◆ DATA UNDER STUDY:
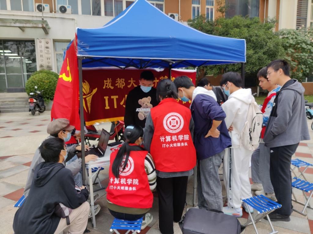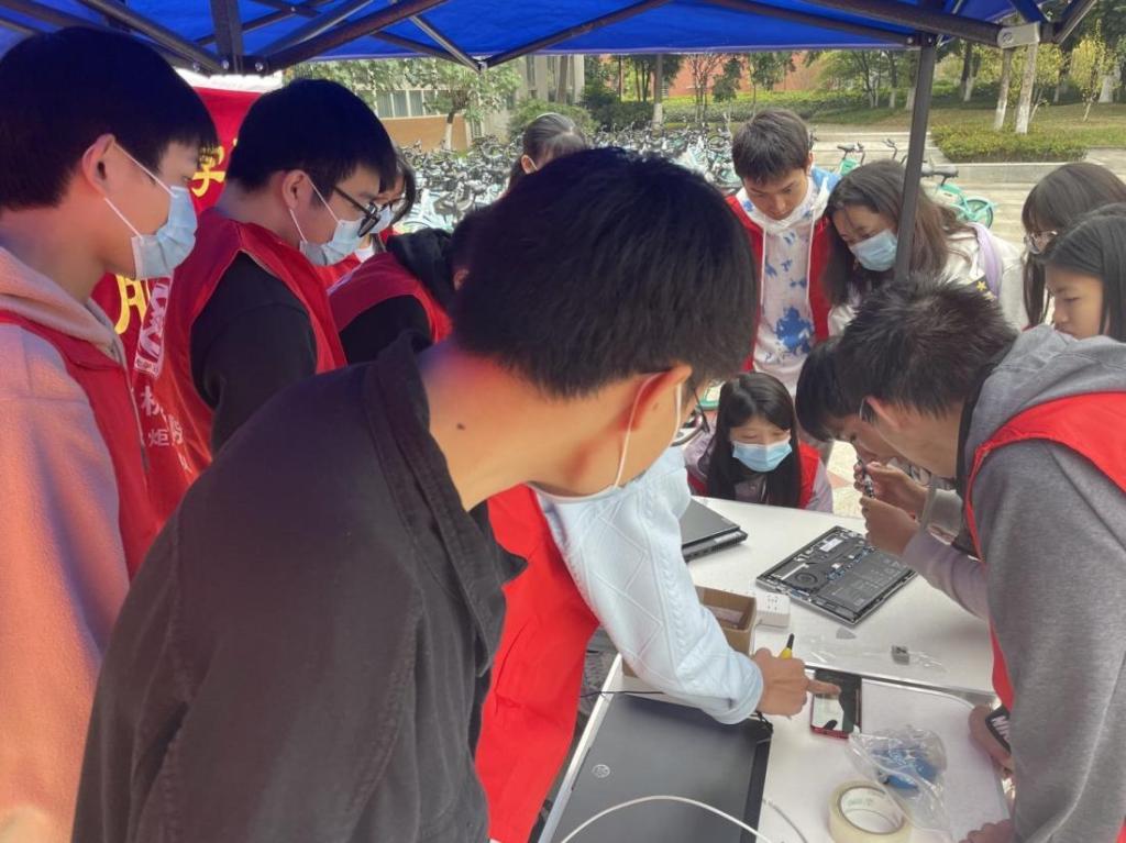 本网消息(图/文 谢梁)11月6日,IT小火炬服务队于第十教学楼门口摆点,开展义务维修活动,帮助有需要的同学们处理电脑方面相关问题。
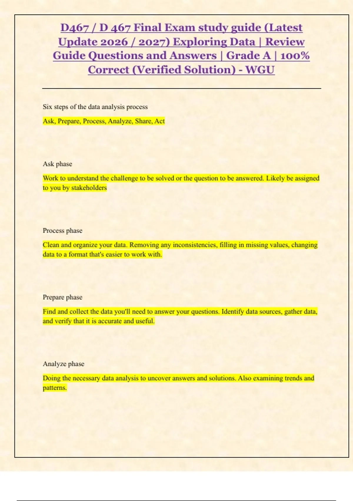 D467 / D 467 Final Exam study guide (Latest Update 2026 / 2027) Exploring Data | Review Guide Questions and Answers | Grade A | 100% Correct (Verified Solution) - WGU
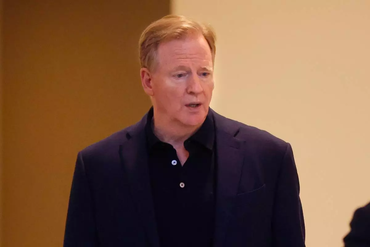 NFL commissioner Roger Goodell arrives at the NFL football owners meeting, Wednesday, May 21, 2025, in Eagan, Minn. (AP Photo/Bruce Kluckhohn)
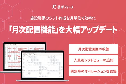 警備会社向けのオールインワンSaaS「警備フォース」を提供する株式会社メディカルフォース(本社:東京都品川区、代表取締役CEO:畠中 翔一、以下「メディカルフォース」)は、警備フォースにおいて1号警備(施設警備)向けの「月次配置機能」を大幅にアップデートいたしました。
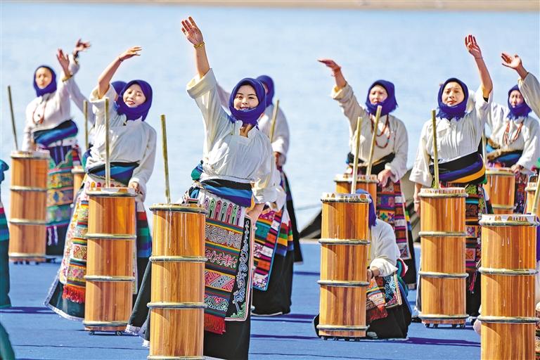 開湖日歌舞表演現場。記者 阿旺尼瑪 貢曲羅杰 攝
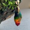 Maleńki wisiorek w kolorach tęczy 🌈 na zawieszce w kolorze srebra. Na bazie naturalnego listka pomalowanego i zatopionego w żywicy. Leciusieńki, drobniutki, migotliwy. Bo tęczowy 🌈 to najpiękniejszy kolor na świecie!
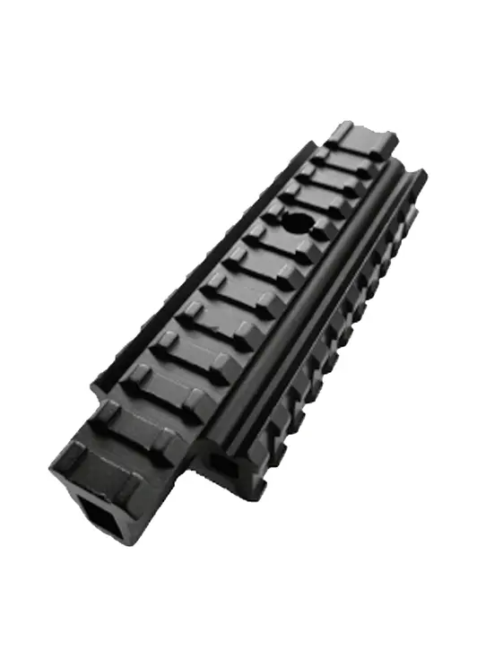 База на ручку переноски AR15/M16 с трёхсторонними планками Weaver BH-MR02 — это надёжное и практичное крепление для установки оптики и коллиматорных прицелов на оружие. Оно изготовлено из прочного алюминиевого сплава, что обеспечивает долговечность и устойчивость к различным внешним воздействиям. Крепление имеет три стороны для установки планок Weaver 22 мм, что позволяет разместить дополнительное оборудование, такое как фонари, лазерные целеуказатели и другие аксессуары. Это делает базу универсальной и удобной в использовании. База на ручку переноски AR15/M16 BH-MR02 легко устанавливается на штатную ручку для переноски оружия и фиксируется с помощью рельефного поджимного винта. Благодаря своим компактным размерам (длина — 135 мм, вес — 300 г) и чёрному цвету, она гармонично вписывается в дизайн оружия и не привлекает лишнего внимания. Это крепление идеально подходит для использования в различных условиях, будь то охота, спортивная стрельба или тактические тренировки. Оно обеспечивает надёжное крепление оптики и другого оборудования, повышая точность
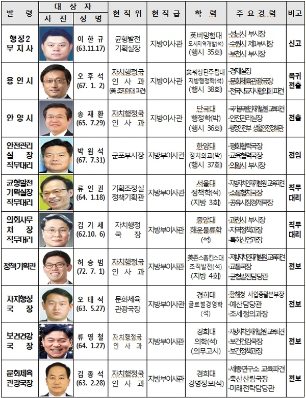 승진은 2급 3명, 3급 7명 등 10명이며, 이와 별도로 4급 부단체장으로 3명이 자리를 옮긴다. 특히 3급 국장급인 인재개발원장에 코로나19 현장에서 묵묵히 소임을 다한 윤덕희 질병정책과장을 발탁하는 한편, 보건건강국장에 전문 의료인 출신인 류영철 국장을 임명해 코로나19 대응과 위기극복의 중임을 맡겼다.
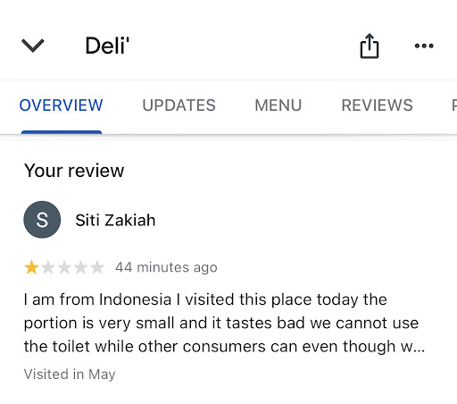 Deleting our reviews 2.Denying we ate there (as if we cannot read their menu and identify which restaurant we went to) 3.Responding our review using Indonesian assuming we cannot speak English(even tho the review was in English)
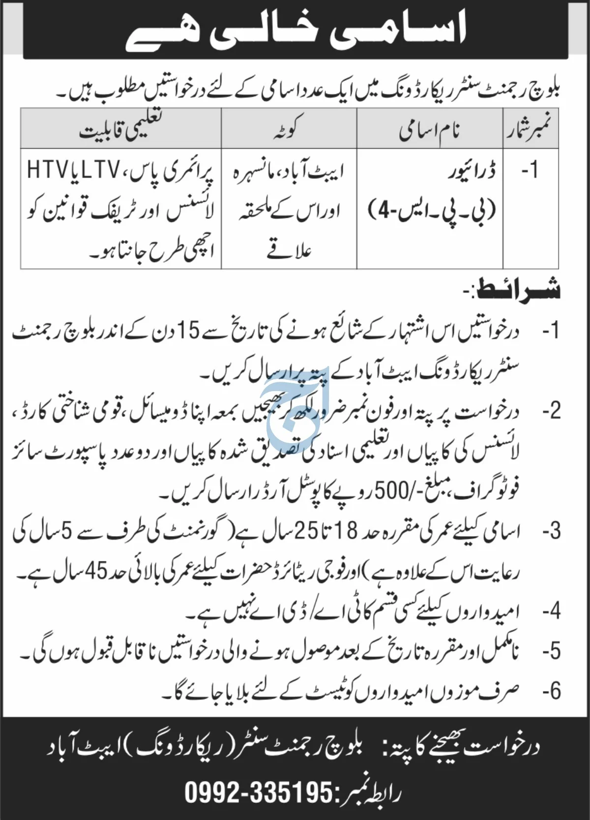 Driver jobs in Baloch Regiment Center Recording Abbottabad 2025 - Apply Now The
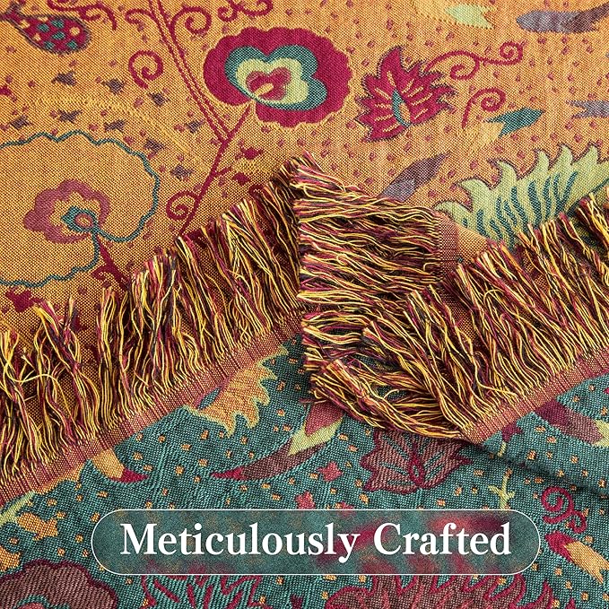 - Endless Uses: This large, multi-use blanket is perfect for any setting. Use it as a cozy bedspread, bed runner, or coverlet on your queen, full, or twin bed, or as a stylish tapestry on your sofa, chair, or in your bedroom. Take it outdoors for picnics, camping, or beach days — it’s big enough to cover you on the grass or sand. Whether at home or on the go, this blanket adds comfort and charm wherever you need it, offering both beauty and practicality in every setting.
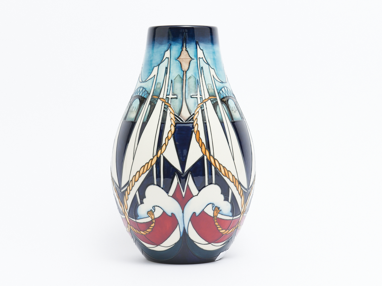 A MOORCROFT "CITY OF SAILS" (AUCKLAND) VASE DESIGNED BY VICKY LOVATT, DATED 2013, NUMBERED 16/75, NEW ZEALAND STAMP, H.26CM, LEONARD JOEL LOCAL DELIVERY: MEDIUM
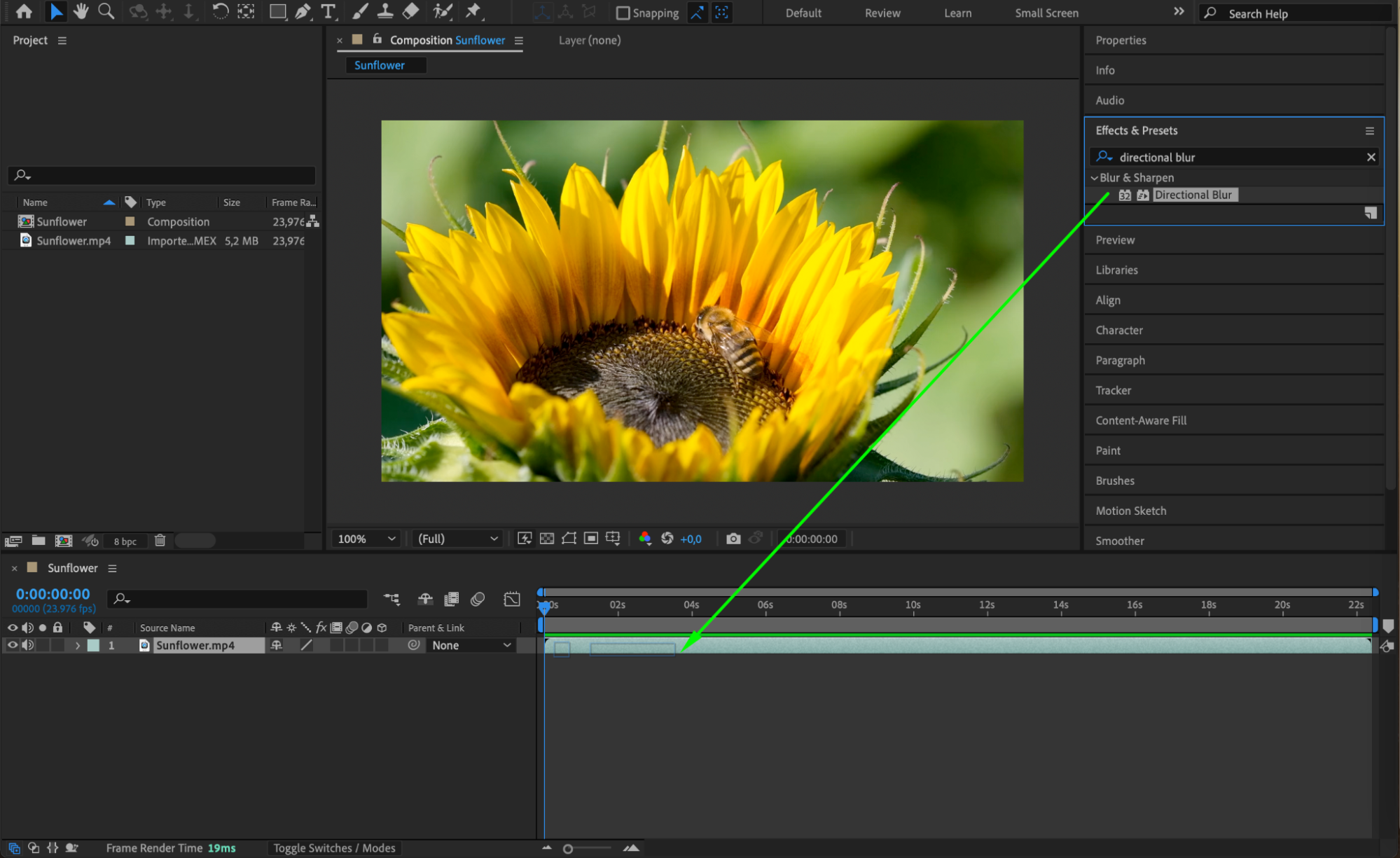 In the “Effects & Presets” panel, navigate to the “Blur & Sharpen” category, and choose the “Directional Blur” effect.
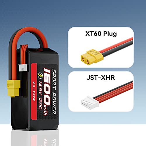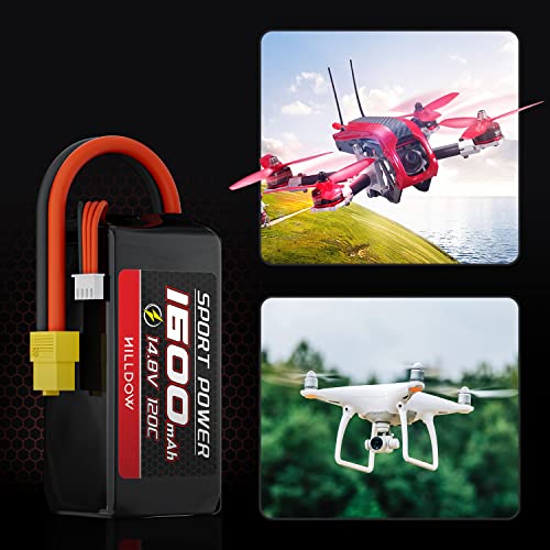 Hilldow M10 RC Batteria 4S Batteria Lipo 14.8V 120C 1600mAh con connettore XT60, 2 Pack Lipo batteria ricaricabile per RC aereo UAV Drone FPV
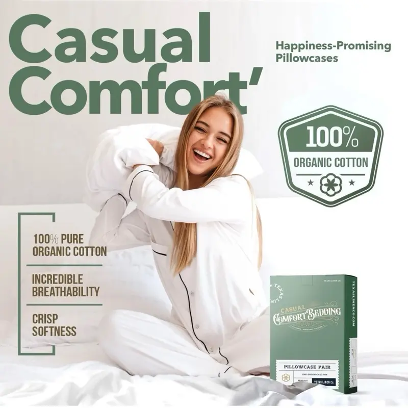 TEXAS LINEN CO. 100% Organic Cotton Percale Pillow Cases Standard/Queen Size Set
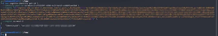 Now, Lets get the IdentityId token that is used to optained AWS AccessKey and SecetKey:
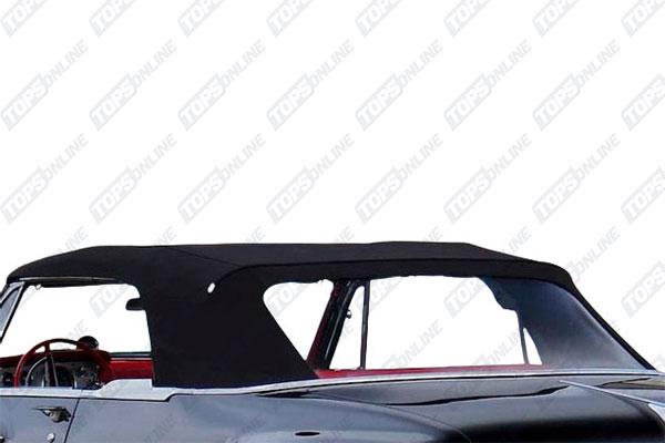 Factory Style 2-piece Convertible Top With Zipper Plastic Window. Top and Window have installation alignment marks. Included with the convertible top: Wire-On trim & Chrome ends to hide the staples above the rear window bow. Factory Original material is the Haartz Pinpoint Vinyl, we also offer Haartz Stayfast Cloth material. Other colors can be ordered, please inquire.

◆ WHAT YOU NEED TO DO: Please transcribe each entry exactly and exclude any image it contains.

◆ SOLVED EXERCISE:
 本网消息(图/文 谢梁)11月6日,IT小火炬服务队于第十教学楼门口摆点,开展义务维修活动,帮助有需要的同学们处理电脑方面相关问题。
 D467 / D 467 Final Exam study guide (Latest Update 2026 / 2027) Exploring Data | Review Guide Questions and Answers | Grade A | 100% Correct (Verified Solution) - WGU
 NFL commissioner Roger Goodell arrives at the NFL football owners meeting, Wednesday, May 21, 2025, in Eagan, Minn. (AP Photo/Bruce Kluckhohn)
 警備会社向けのオールインワンSaaS「警備フォース」を提供する株式会社メディカルフォース(本社:東京都品川区、代表取締役CEO:畠中 翔一、以下「メディカルフォース」)は、警備フォースにおいて1号警備(施設警備)向けの「月次配置機能」を大幅にアップデートいたしました。
 開湖日歌舞表演現場。記者 阿旺尼瑪 貢曲羅杰 攝
 Maleńki wisiorek w kolorach tęczy 🌈 na zawieszce w kolorze srebra. Na bazie naturalnego listka pomalowanego i zatopionego w żywicy. Leciusieńki, drobniutki, migotliwy. Bo tęczowy 🌈 to najpiękniejszy kolor na świecie!
 База на ручку переноски AR15/M16 с трёхсторонними планками Weaver BH-MR02 — это надёжное и практичное крепление для установки оптики и коллиматорных прицелов на оружие. Оно изготовлено из прочного алюминиевого сплава, что обеспечивает долговечность и устойчивость к различным внешним воздействиям. Крепление имеет три стороны для установки планок Weaver 22 мм, что позволяет разместить дополнительное оборудование, такое как фонари, лазерные целеуказатели и другие аксессуары. Это делает базу универсальной и удобной в использовании. База на ручку переноски AR15/M16 BH-MR02 легко устанавливается на штатную ручку для переноски оружия и фиксируется с помощью рельефного поджимного винта. Благодаря своим компактным размерам (длина — 135 мм, вес — 300 г) и чёрному цвету, она гармонично вписывается в дизайн оружия и не привлекает лишнего внимания. Это крепление идеально подходит для использования в различных условиях, будь то охота, спортивная стрельба или тактические тренировки. Оно обеспечивает надёжное крепление оптики и другого оборудования, повышая точность
 승진은 2급 3명, 3급 7명 등 10명이며, 이와 별도로 4급 부단체장으로 3명이 자리를 옮긴다. 특히 3급 국장급인 인재개발원장에 코로나19 현장에서 묵묵히 소임을 다한 윤덕희 질병정책과장을 발탁하는 한편, 보건건강국장에 전문 의료인 출신인 류영철 국장을 임명해 코로나19 대응과 위기극복의 중임을 맡겼다.
 Deleting our reviews 2.Denying we ate there (as if we cannot read their menu and identify which restaurant we went to) 3.Responding our review using Indonesian assuming we cannot speak English(even tho the review was in English)
 Driver jobs in Baloch Regiment Center Recording Abbottabad 2025 - Apply Now The
 - Endless Uses: This large, multi-use blanket is perfect for any setting. Use it as a cozy bedspread, bed runner, or coverlet on your queen, full, or twin bed, or as a stylish tapestry on your sofa, chair, or in your bedroom. Take it outdoors for picnics, camping, or beach days — it’s big enough to cover you on the grass or sand. Whether at home or on the go, this blanket adds comfort and charm wherever you need it, offering both beauty and practicality in every setting.
 A MOORCROFT "CITY OF SAILS" (AUCKLAND) VASE DESIGNED BY VICKY LOVATT, DATED 2013, NUMBERED 16/75, NEW ZEALAND STAMP, H.26CM, LEONARD JOEL LOCAL DELIVERY: MEDIUM
 In the “Effects & Presets” panel, navigate to the “Blur & Sharpen” category, and choose the “Directional Blur” effect.
 Hilldow M10 RC Batteria 4S Batteria Lipo 14.8V 120C 1600mAh con connettore XT60, 2 Pack Lipo batteria ricaricabile per RC aereo UAV Drone FPV
 TEXAS LINEN CO. 100% Organic Cotton Percale Pillow Cases Standard/Queen Size Set
 Now, Lets get the IdentityId token that is used to optained AWS AccessKey and SecetKey:
 Factory Style 2-piece Convertible Top With Zipper Plastic Window. Top and Window have installation alignment marks. Included with the convertible top: Wire-On trim & Chrome ends to hide the staples above the rear window bow. Factory Original material is the Haartz Pinpoint Vinyl, we also offer Haartz Stayfast Cloth material. Other colors can be ordered, please inquire.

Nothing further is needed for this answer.